There are two things going on in all this talk about the semantic web. One is recycled rubbish and one is real. The recycled rubbish is the Artificial Intelligence nonsense, the visionary technologist’s wet dream that will not die. Sorry folks – it ain’t gonna happen. It wasn’t going to happen last century, and it’s not going to happen now. Can we please just forget about Artificial Intelligence?

It was once thought that it would take intelligence for a computer to play chess. Computers can now play grandmaster-level chess. But they’re not one whit closer to being intelligent as a result, and we know it. Instead of admitting we were wrong, or admitting that since it obviously doesn’t take intelligence to play chess that maybe Artificial Intelligence as a field was chasing something that was not actually intelligence at all, we move the goalposts and continue the elusive search. Obviously the development of computers that can play better than human-level chess (is it good chess? I don’t think we can say it is), and other advances, have had a major impact. But they’ve nothing to do with intelligence, beside our own ingenuity at building faster, smaller, and cooler machines with better algorithms (and, in the case of chess, bigger lookup tables) making their way into hardware.

And so it is with the semantic web. All talk of intelligence should be dropped. It’s worse than useless.

But, there has been real progress in the web in recent years. Web 2.0, whatever that means exactly, is real. Microsoft were right to be worried that the browser could make the underlying OS and its applications irrelevant. They were just 10 years too early in trying to kill it, and then, beautiful irony, they had a big hand in making it happen with their influence in getting asynchronous browser/server traffic (i.e., XmlHttpRequest and its Microsoft equivalent, the foundation of AJAX) into the mainstream.

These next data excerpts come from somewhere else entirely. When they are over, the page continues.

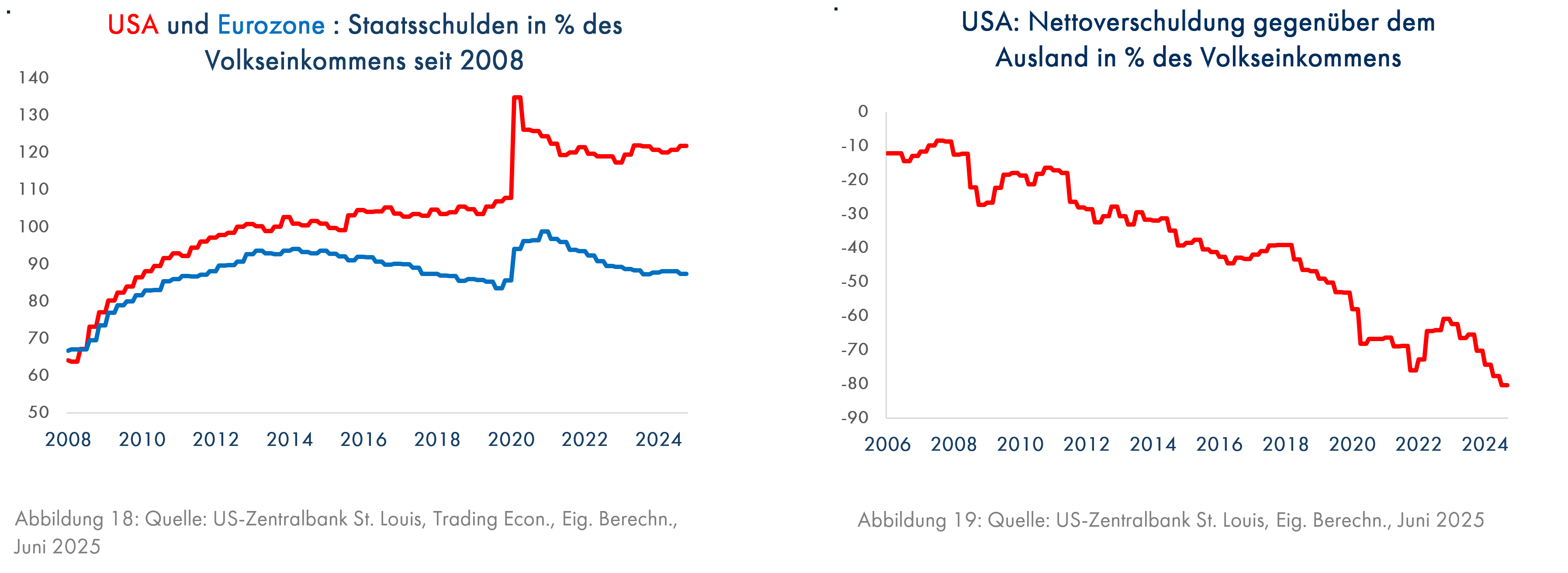 Die starke Aufwertung von knapp 1,60 US-Dollar/Euro im Jahr 2008 auf aktuell 1,17 hat zu einer moderaten Überbewertung von noch gut 10% geführt (Grafik 16, die blaue Linie im grünen Kreis bedeutet, dass man ungefähr 10% zu wenig Dollars für den Kauf eines Euros benötigt). Angesichts der enormen Ausweitung der Staatsschulden der USA relativ zur Eurozone (Grafik 18) sollte der Dollar allerdings bereits deutlich unterbewertet sein, wie es der Yen aufgrund der hohen Staatsschulden ja seit einigen Jahren ist. Man hat das schuldengetriebene Wachstum der USA bis zuletzt jedoch als Zeichen der wirtschaftlichen Stärke interpretiert. Auch die außergewöhnlich große Kapitalzufuhr aus dem Ausland (Grafik 19) hat die US-Wirtschaft und den Dollarkurs angetrieben. Ziehen die Ausländer ihr Kapital aus den USA ab, wird der Dollar fallen. Dieser Prozess könnte jetzt begonnen haben; neue Daten kommen am 30. Juni.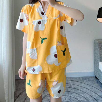 Cute Flowers Print V-Neck T-Shirt Shorts Pajamas Set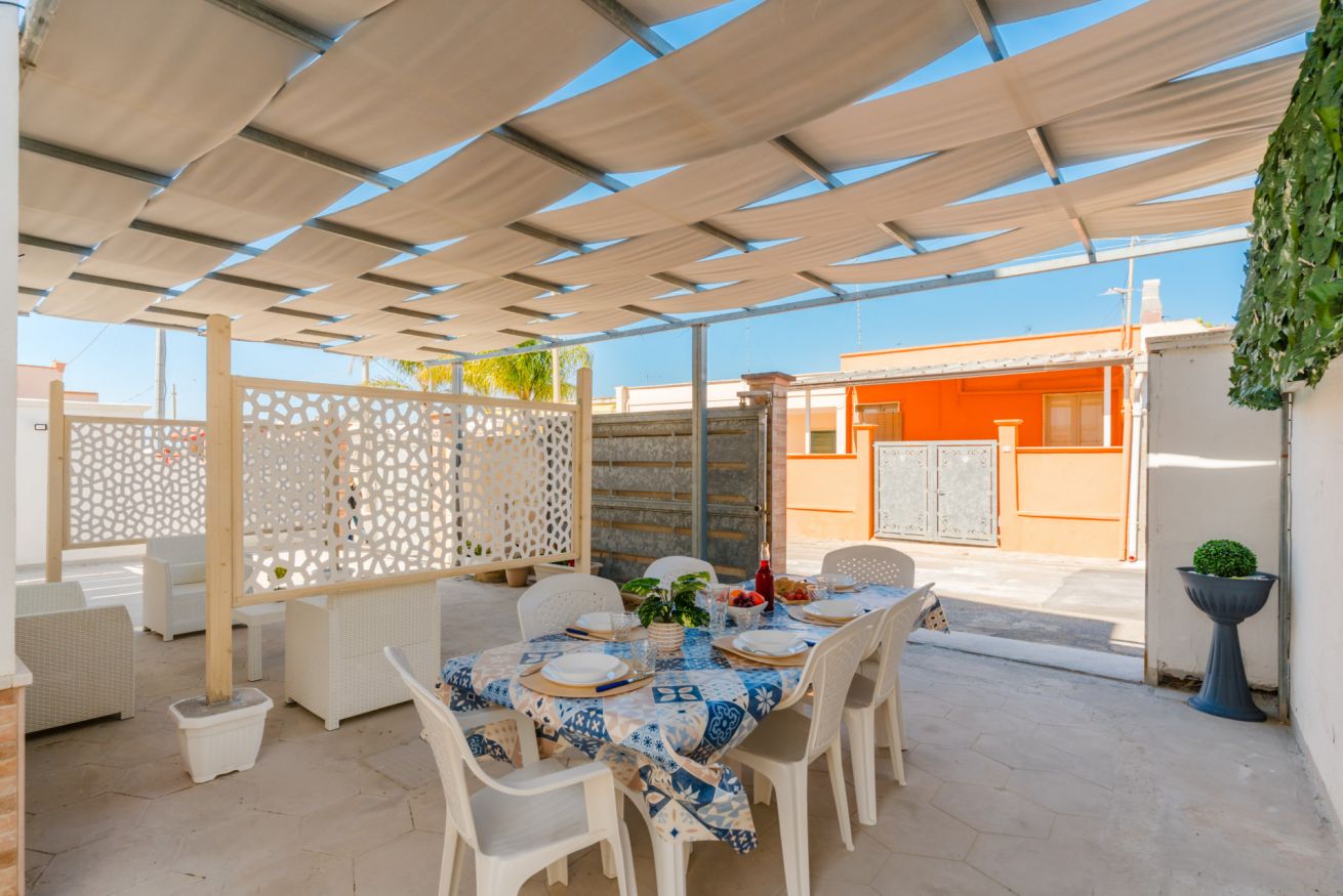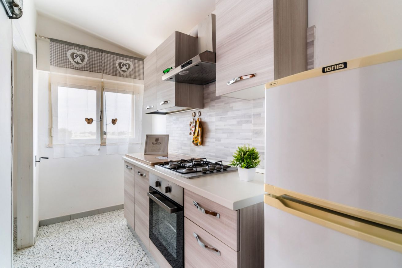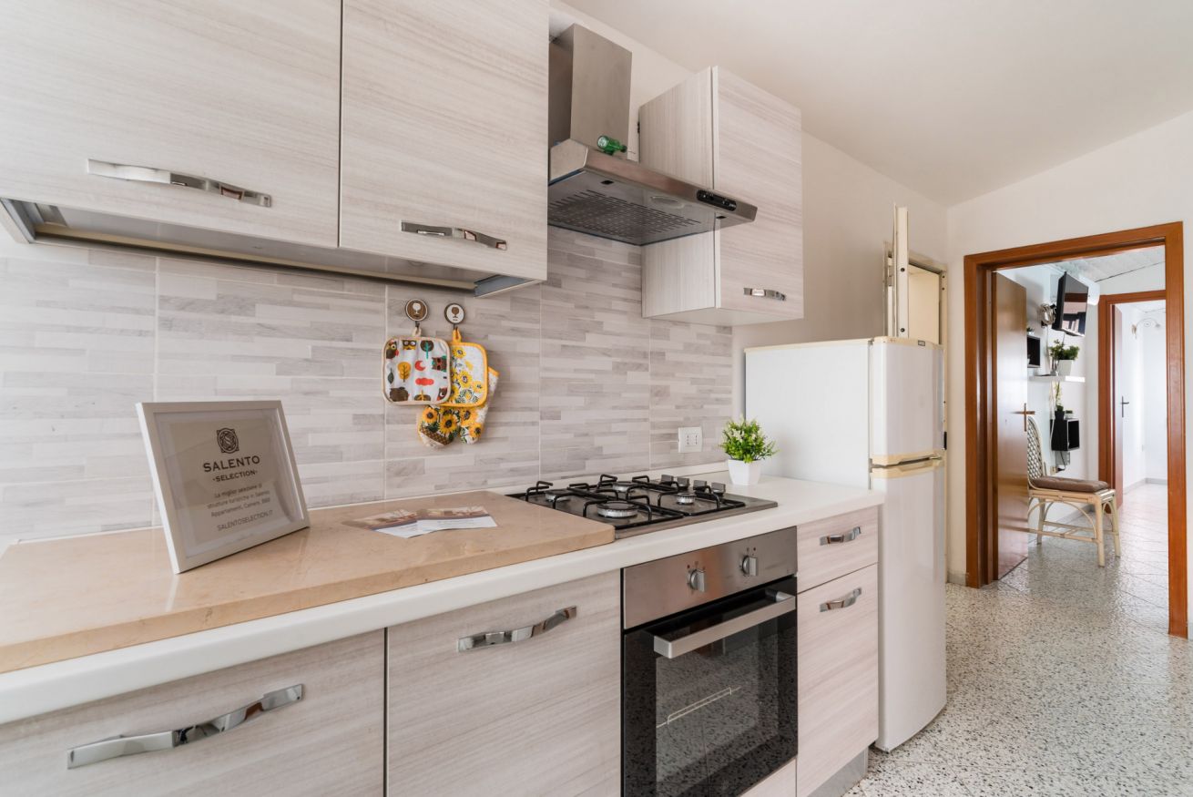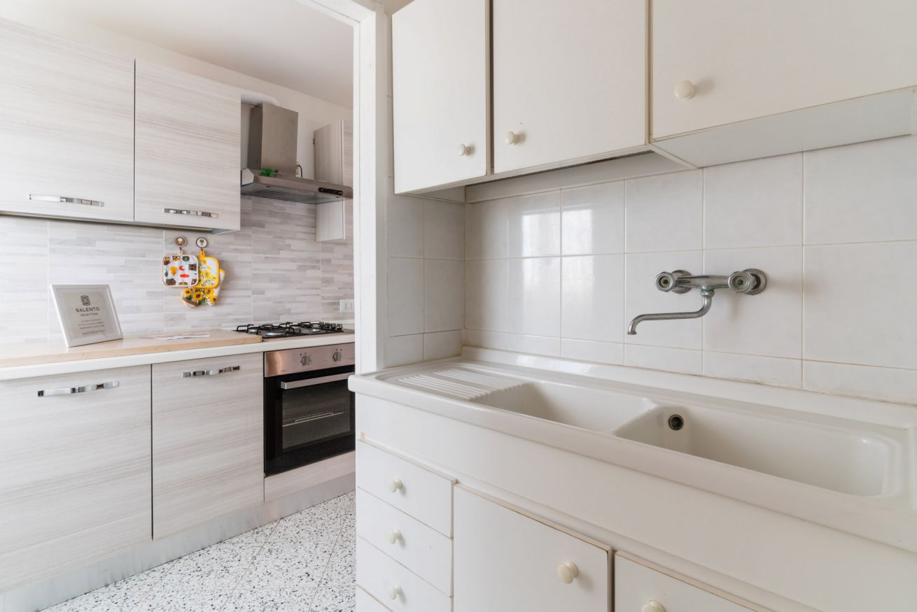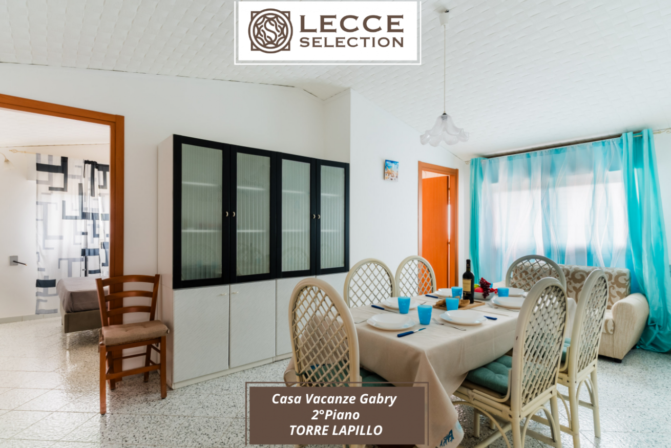 Casa Vacanza Gabry 2° Piano, situata a Torre Lapillo, ideale per famiglie o gruppi che cercano una soluzione pratica e funzionale a pochi passi dal mare salentino.Zona Giorno e CucinaL'ingresso si apre su un ampio open space climatizzato, arredato con semplicità e gusto moderno.Soggiorno: Dispone di un comodo divano lineare, una TV a schermo piatto e un grande tavolo da pranzo perfetto per cene conviviali.Cucina: La cucina è separata o parzialmente a vista, dotata di mobili in legno chiaro, fuochi a gas, forno elettrico e un frigorifero con congelatore. È completamente attrezzata per preparare i pasti in autonomia.Lavanderia: È presente un pratico vano tecnico con un grande lavatoio, molto utile per sciacquare costumi e teli mare al rientro dalla spiaggia.Zona NotteLa casa dispone di diverse camere da letto:Camera Matrimoniale: Caratterizzata da un'ampia testiera in ferro battuto.Camera con letto alla francesce: caratterizzata da un letto con testiera imbottita color grigio tortora, comodini bianchi in stile classico-moderno e un capiente armadio a due ante scorrevoli.Camera Doppia: Arredata con due letti singoli, ideale per bambini o ragazzi, completa di armadio e comodino centrale.Il BagnoIl bagno è funzionale e presenta finiture classiche, dotato di:Box doccia angolare con cabina a soffietto.Sanitari completi (incluso bidet).Mobile lavabo moderno con cassetti e specchiera illuminata.

Similarly, there is real substance to what people talk about as Web 3.0 and the semantic web.

It’s all about data.

It’s just that. One little and very un-sexy word. There’s no need to get all hot and bothered about intelligence, meaning, reasoning, etc. It’s all about data. It’s about making data more uniform, more accessible, easier to create, to share, to find, and to organize.

If you read around on the web, there are dozens of articles about the upcoming web. Some are quite clear that it’s all about the data. But many give into the temptation to jump on the intelligence bandwagon, and rabbit on about the heady wonders of the upcoming semantic web (small-s, capital-S, I don’t mind). Intelligent agents will read our minds, do the washing, pick up the kids from school, etc.

Some articles mix in a bit of both. I just got done reading a great example, A Smarter Web: New technologies will make online search more intelligent–and may even lead to a “Web 3.0.”

As you read it, try to keep a clean separation in mind between the AI side of the romantic semantic web and simple data. Every time intelligence is mentioned, it’s vague and with an acknowledgment that this kind of progress may be a little way off (sound familiar?). Every time real progress and solid results are mentioned, it’s because someone had the common sense to take a bunch of data and put it into a better format, like RDF, and then take some other routine action (usually search) on it.

I fully agree with those who claim that important qualitative advances are on their way. Yes, that’s a truism. I mean that we are soon going to see faster-than-usual advances in how we work with information on the web. But the advances will be driven by mundane improvements in data architecture, and, just like computers “learning” to “play” chess, they will have nothing at all to do with intelligence.

I should probably disclose that I’m not financially neutral on this subject. I have a small company that some would say is trying to build the semantic web. To me, it’s all about data architecture.